» To do
Images excluded, return every record exactly as it reads.
START Study material
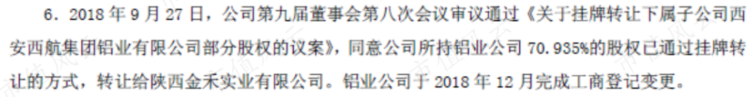 比如,2018年,公司就挂牌转让了旗下铝业公司。
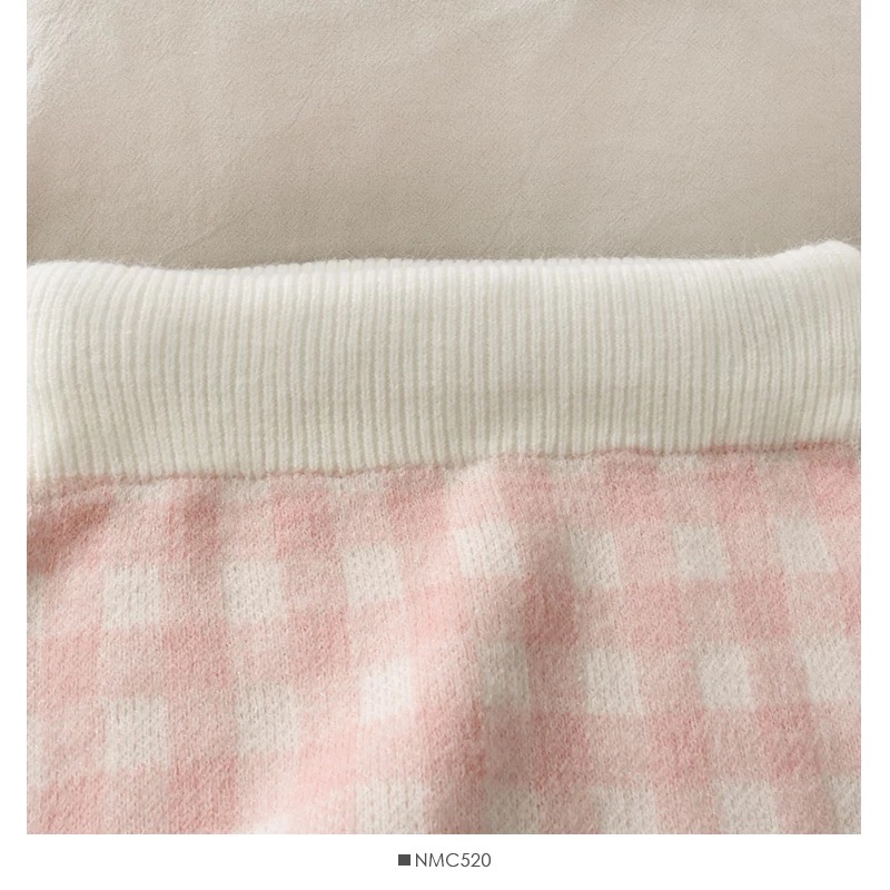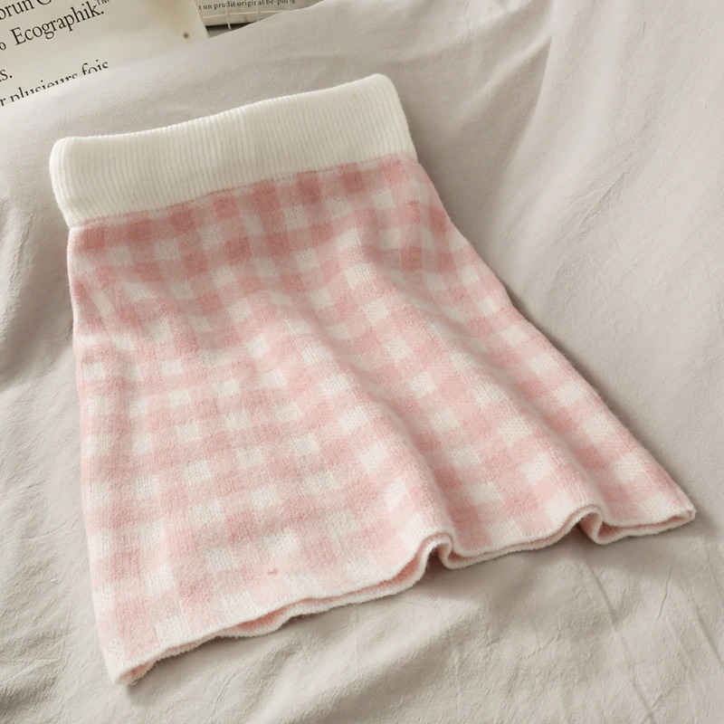 FREE SHIPPING: Pink Sweet Plaid Three-Piece Long-Sleeved Loose Sweater with Short Strap + Skirt
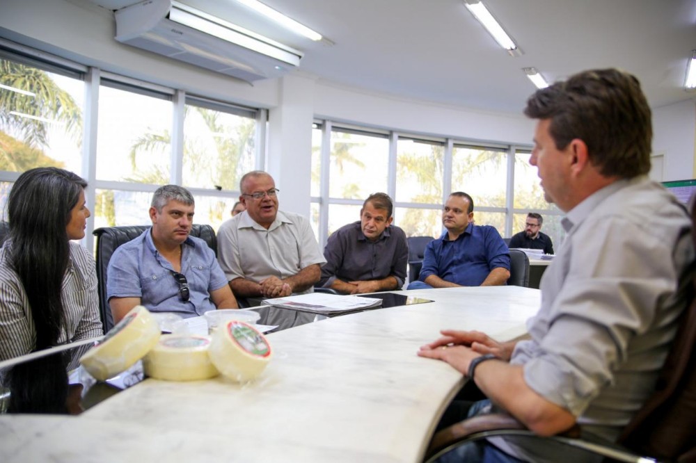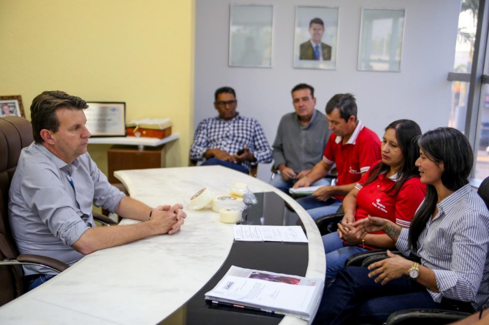 O prefeito de Sorriso, Ari Lafin, recebeu nesta quarta-feira (4), a visita de pequenos produtores do Assentamento Jonas Pinheiro (Poranga). Acompanhados pelos secretários de Agricultura e Meio Ambiente, Márcio Kuhn, de Governo, Marlon Zanella, e o vereador Dirceu Zanatta, os produtores de leite trouxeram amostras de queijos produzidos no assentamento, todos com Selo de Inspeção Municipal (SIM).
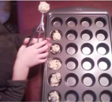Next mash up your bananas in a large bowl and combine sugar, egg, and melted butter. Slowly mix in the flour, mixture until smooth. Scoop into muffin pans. I love using our little scooper from the Pampered chef, but a spoon will work too.
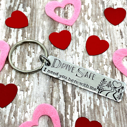 Drive Safely Hand-stamped Simple Tag Keychain
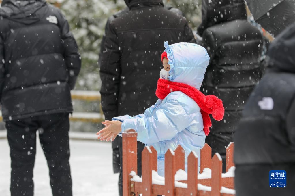 當日,湖南張家界國家森林公園大雪紛飛,銀裝素裹,宛如畫(huà)卷,吸引不少游客。
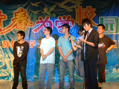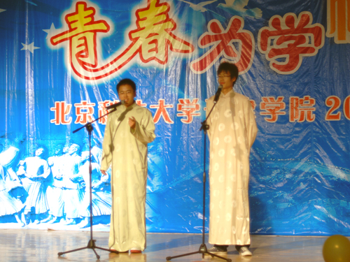决赛当晚气氛热烈,吸引了众多观众到场观看并为所支持的表演队加油鼓劲。开场先播放了五分钟的视频短片,短片展现了各表演队伍以及工作人员前期的辛勤准备以及和睦团结的氛围。决赛第一组是由法律系杨天宇、武铮表演的《西征梦》,经典的郭德纲段子由两位参赛选手表现的惟妙惟肖,台下更是笑声不断。接下来上场的是经济系崔慧敏、张倩、魏长宁表演的《小张说事》,突出的创意和生动的表演让观众流连忘返,其中由魏长宁同学表演的小沈阳更是魅力十足神气活现。
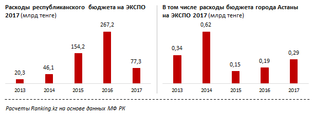 За пять лет подготовки EXPO 2017 в республике выделили 565,1 миллиарда тенге или 2,1 миллиарда долларов, сообщают эксперты Ranking.kz.
END Study material
» Task result
 比如,2018年,公司就挂牌转让了旗下铝业公司。
 FREE SHIPPING: Pink Sweet Plaid Three-Piece Long-Sleeved Loose Sweater with Short Strap + Skirt
 O prefeito de Sorriso, Ari Lafin, recebeu nesta quarta-feira (4), a visita de pequenos produtores do Assentamento Jonas Pinheiro (Poranga). Acompanhados pelos secretários de Agricultura e Meio Ambiente, Márcio Kuhn, de Governo, Marlon Zanella, e o vereador Dirceu Zanatta, os produtores de leite trouxeram amostras de queijos produzidos no assentamento, todos com Selo de Inspeção Municipal (SIM).
Next mash up your bananas in a large bowl and combine sugar, egg, and melted butter. Slowly mix in the flour, mixture until smooth. Scoop into muffin pans. I love using our little scooper from the Pampered chef, but a spoon will work too.
 Drive Safely Hand-stamped Simple Tag Keychain
 當日,湖南張家界國家森林公園大雪紛飛,銀裝素裹,宛如畫(huà)卷,吸引不少游客。
决赛当晚气氛热烈,吸引了众多观众到场观看并为所支持的表演队加油鼓劲。开场先播放了五分钟的视频短片,短片展现了各表演队伍以及工作人员前期的辛勤准备以及和睦团结的氛围。决赛第一组是由法律系杨天宇、武铮表演的《西征梦》,经典的郭德纲段子由两位参赛选手表现的惟妙惟肖,台下更是笑声不断。接下来上场的是经济系崔慧敏、张倩、魏长宁表演的《小张说事》,突出的创意和生动的表演让观众流连忘返,其中由魏长宁同学表演的小沈阳更是魅力十足神气活现。
 За пять лет подготовки EXPO 2017 в республике выделили 565,1 миллиарда тенге или 2,1 миллиарда долларов, сообщают эксперты Ranking.kz.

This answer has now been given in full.